Practical guidance for the prevention of thrombosis and management of coagulopathy and disseminated intravascular coagulation of patients infected with COVID-19
Prof Beverley Hunt OBE
Dr Andrew Retter
Dr Claire McClintock
25th March 2020
Coronavirus Disease 2019 (COVID-19), caused by a novel coronavirus (SARS-CoV-2), is a highly contagious disease that appeared in Wuhan, Hubei province of China in December 2019. It has now spread to multiple countries through infected persons travelling mainly by air. Most of the infected patients have mild symptoms including fever, fatigue and cough. But in severe cases, patients can progress rapidly and develop the acute respiratory distress syndrome, septic shock, metabolic acidosis and coagulopathy including a disseminated intravascular coagulation (DIC).
There is little international guidance on how to manage thrombotic risk, coagulopathy, and DIC in patients with COVID-19 This brief paper provides concise pragmatic guidance on management of both thrombotic risk and DIC. This is living guidance document that will be updated weekly.

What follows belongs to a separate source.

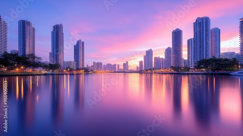 © Thitaya, Fototapeta premium Stunning Urban Skyline at Dusk with Reflective Water and Vibrant Sky in Modern Cityscape

Managing risk of hospital-associated venous thromboembolism
COVID-19 infected patients are likely to be at increased risk of HA-VTE, especially if they become immobilised on critical care. At the moment it is unclear if hospitalized patients with COVID-19 have a greater risk of VTE than other medical patients who have chest infections and elevated D-dimer values (Darzi). Some have used an elevated D-dimer in a scoring system to identify those at increased risk of VTE (Spyropoulos).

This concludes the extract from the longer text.